**EXERCISE INSTRUCTIONS**: Exactly the lines from the one containing "ISA Certified Arborist" through the end of the listing below are required, restated word for word and without pictures.

**DATA**:

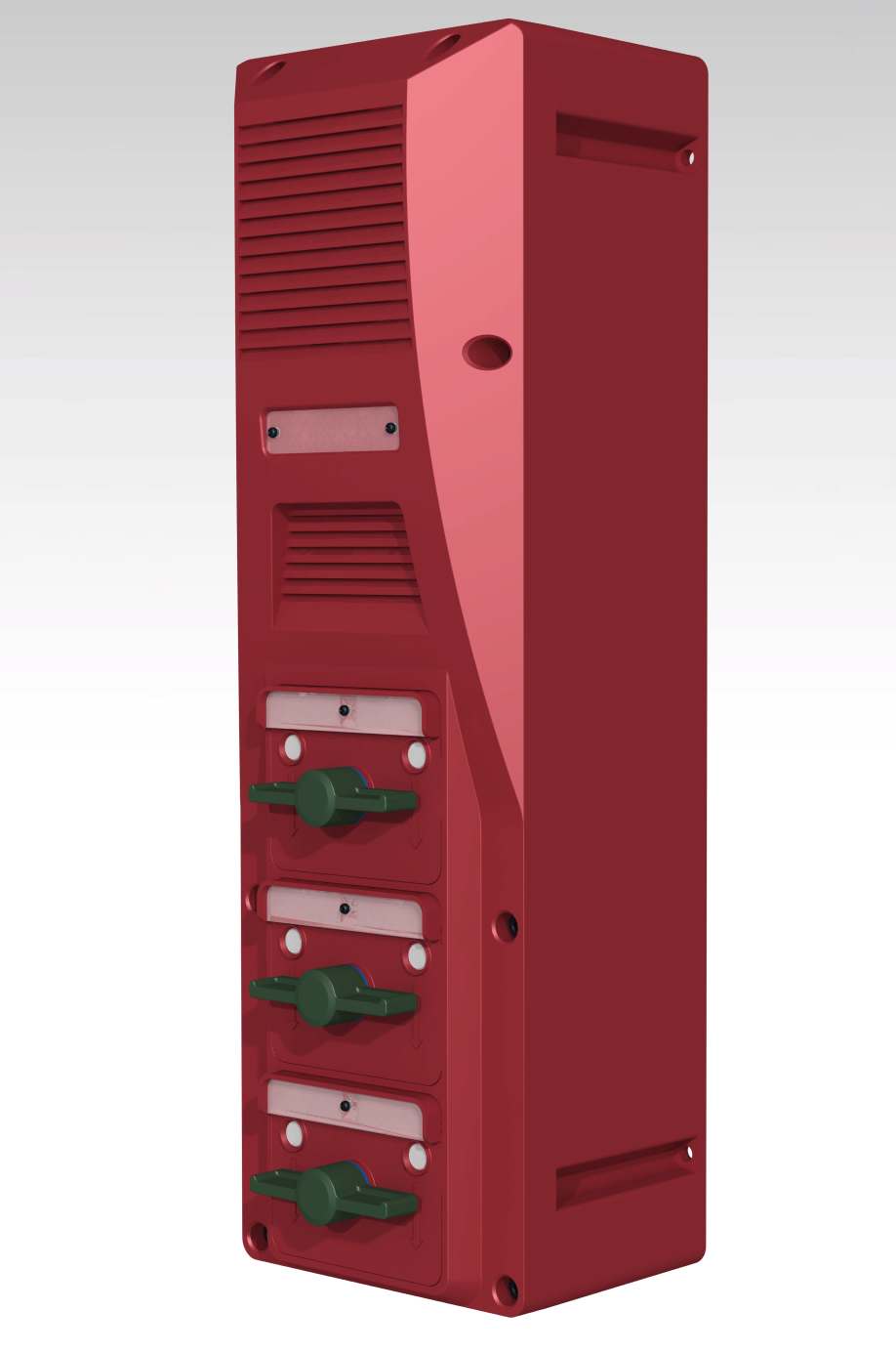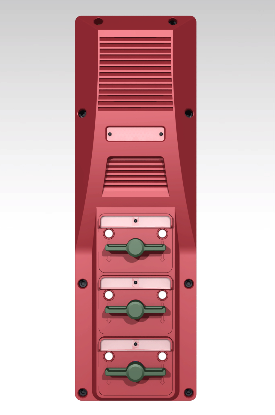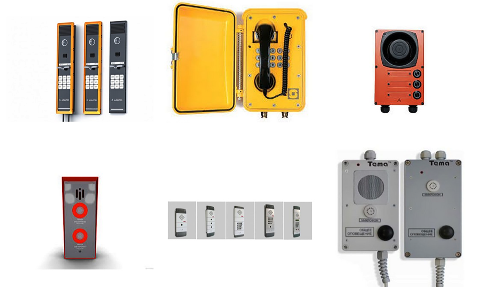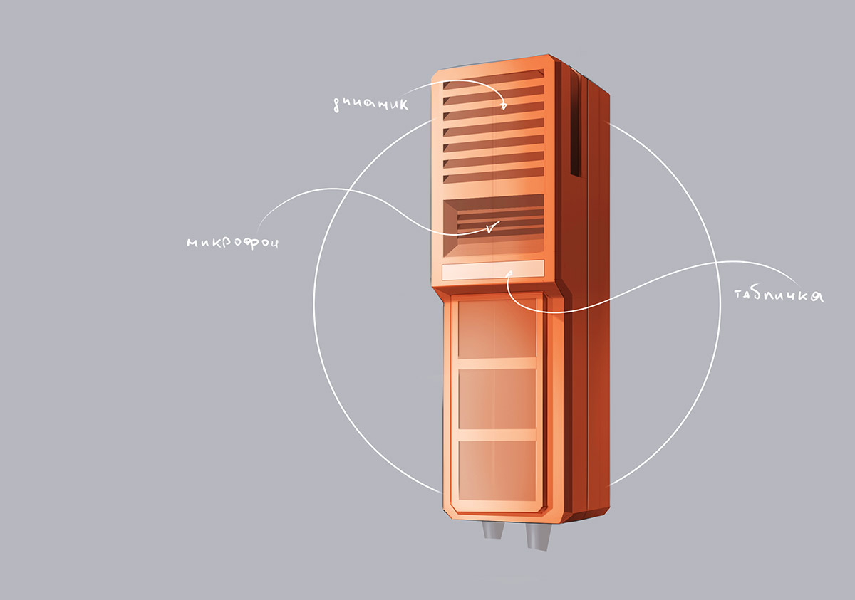 В нижней части — 3-4 кабельных ввода, на лицевой панели (в верхней части) — динамик, далее — микрофон, универсальные слоты для установки органов управления: кнопок-качелей, панели с несколькими кнопками, тастатуры для набора номера (разработка всех трёх типов панелей, и с одной кнопкой, и с несколькими, и с тастатурой — тоже наша задача).
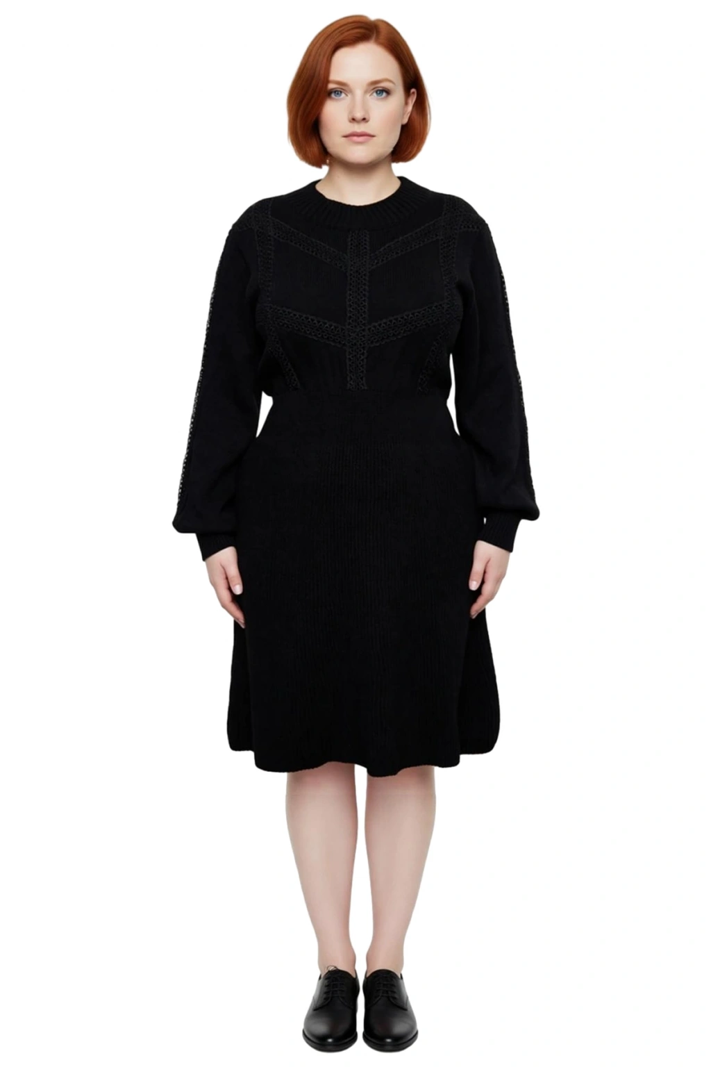 Bu modern kadın triko elbise, oversize kalıbıyla rahatlığı ve şıklığı bir araya getirir. Akrilik materyalden üretilen bu parça, kış aylarının soğuk günlerinde sizi sıcak tutarken, yumuşak dokusuyla gün boyu konfor sunar. Skater silueti, midi boyuyla genç ve enerjik bir hava katarken, aynı zamanda zarif bir görünüm sağlar. Siyah rengi, her gardıropla uyum sağlayarak kolay kombin imkanı sunar. Elbisenin yaka ve kol bölgelerindeki özel örgü detayları, düz tasarıma hareket katıp ürünü sıradanlıktan uzaklaştırır.
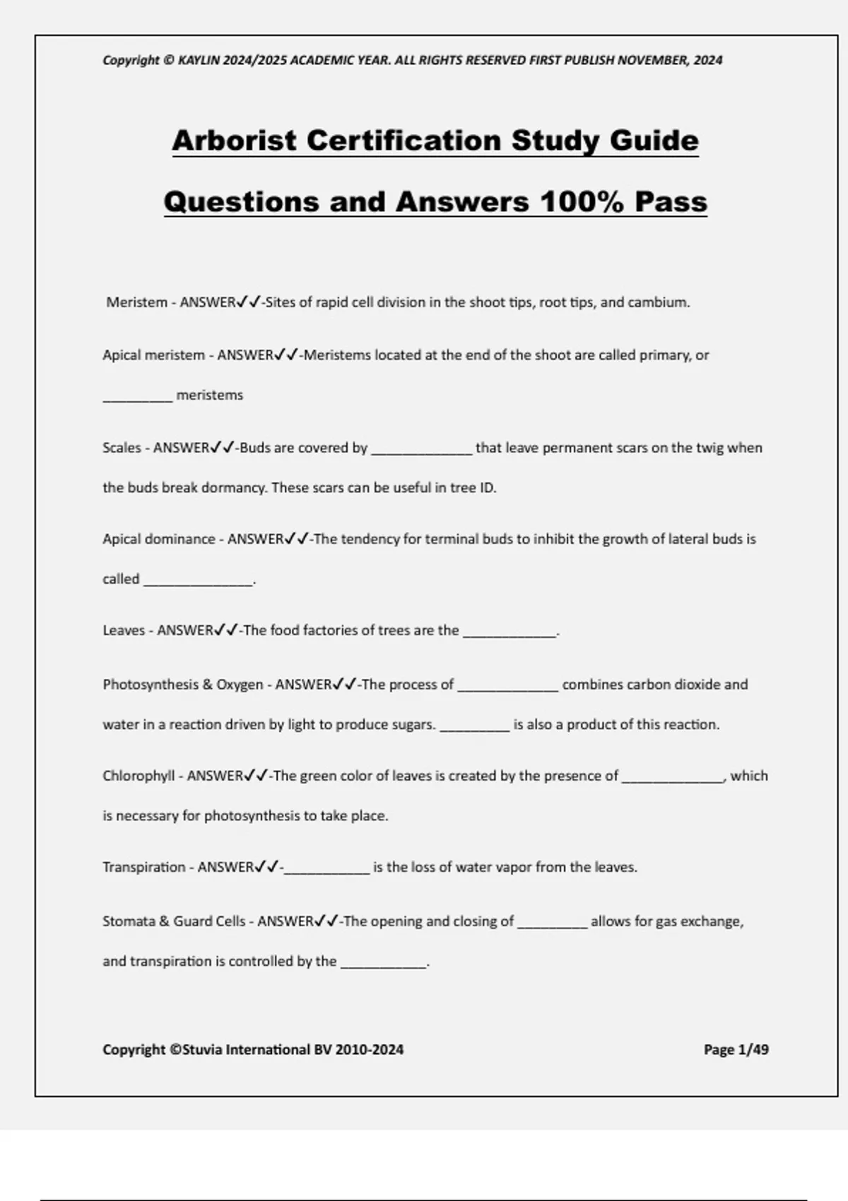 ISA Certified Arborist - Chapter 1 Study Guide Solutions
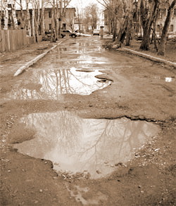 Подвалы в домах затоплены, вонь, сырость. Провели ремонты дорог, но когда в ПМК (ул. Мелиораторов) сразу после дождя образовались ямы, их заделали, но снова ямы после дождя так и стоят.

**SOLVED PROBLEM**:
 ISA Certified Arborist - Chapter 1 Study Guide Solutions
 Подвалы в домах затоплены, вонь, сырость. Провели ремонты дорог, но когда в ПМК (ул. Мелиораторов) сразу после дождя образовались ямы, их заделали, но снова ямы после дождя так и стоят.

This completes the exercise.